Japancongo
06 Feb - 24 Apr 2011
JAPANCONGO
Carsten Höllerʼs double-take on Jean Pigozziʼs collection
6 February - 24 April, 2011
«When Jean Pigozzi asked me if I would like to be the curator of an exhibition for his collection of contemporary African art, I was at first sceptical. Only when he said that he also has recently built up a collection of contemporary Japanese art, I became really enthusiastic. Thatʼs exactly what I am looking for, a new Double Club of sorts.” Carsten Höller
Jean Pigozzi is a collector and a photographer, while the notion of “doubleness” is at the very centre of Carsten Höllerʼs life and his work as an artist. It seemed natural that their meeting would culminate in a joint project, with Jean Pigozziʼs collection constituting the raw material for Carsten Höllerʼs attempt to curate the exhibition in such a way that it also becomes an artwork in its own terms. The Pigozzi collection has been known for twenty years as one of the worldʼs foremost collections of contemporary African art. Over the past few years, however, Pigozzi has discreetly added over 500 works by young Japanese artists under thirty years of age to his collection.

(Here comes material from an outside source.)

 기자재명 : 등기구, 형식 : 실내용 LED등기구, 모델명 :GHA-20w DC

Carsten Höller, along with Jean Pigozzi, has conceived a scheme for a dual
exhibition, confining the African contribution solely to the Democratic Republic of Congo, which is juxtaposed to the art from Japan. It is the similar presence of art from one country next to the art from another country, with all their uniqueness and, at the same time, their common reference points. A long, straight wall nearly 40 metres long, is used as a hanging surface for the Japanese drawings, paintings and photographs. Three openings lead into small rooms behind, built for the display of Japanese sculptures and objects. On the other side, a curved wall of the same dimensions, also opening onto small rooms, has been assigned to the artists from the DR of the Congo. Both walls form a kind of corridor, which is most narrow in its middle part.

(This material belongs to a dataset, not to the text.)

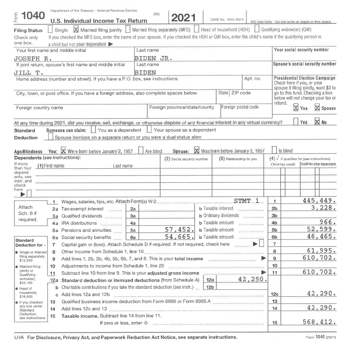 根据这份申报表,拜登夫妇去年缴纳了150439美元的联邦所得税,税率为25%。他们还从第一夫人在北弗吉尼亚社区学院任教的薪水中支付了30765美元的特拉华州所得税和2721美元的弗吉尼亚州所得税。

Sixteen Congolese artists (including Pierre Bodo, Chéri Samba, Pathy
Tshindele, Jean Depara, Cheik Ledy, and Bodys Isek Kingelez) are thus
confronted to 47 Japanese artists (including Natsumi Nagao, Nobuyoshi Araki, Akihiro Higuchi, Kazuna Taguchi, Teppei Kaneuji, Hiroki Tsukuda, and Keiichi Tanaami). The volume of Congolese works exhibited will be identical to the volume of the Japanese works.
The installation of the works is organized following subjective considerations on similarities and difference between the two groups, with the most “similar” art pieces installed there where the two walls come closest.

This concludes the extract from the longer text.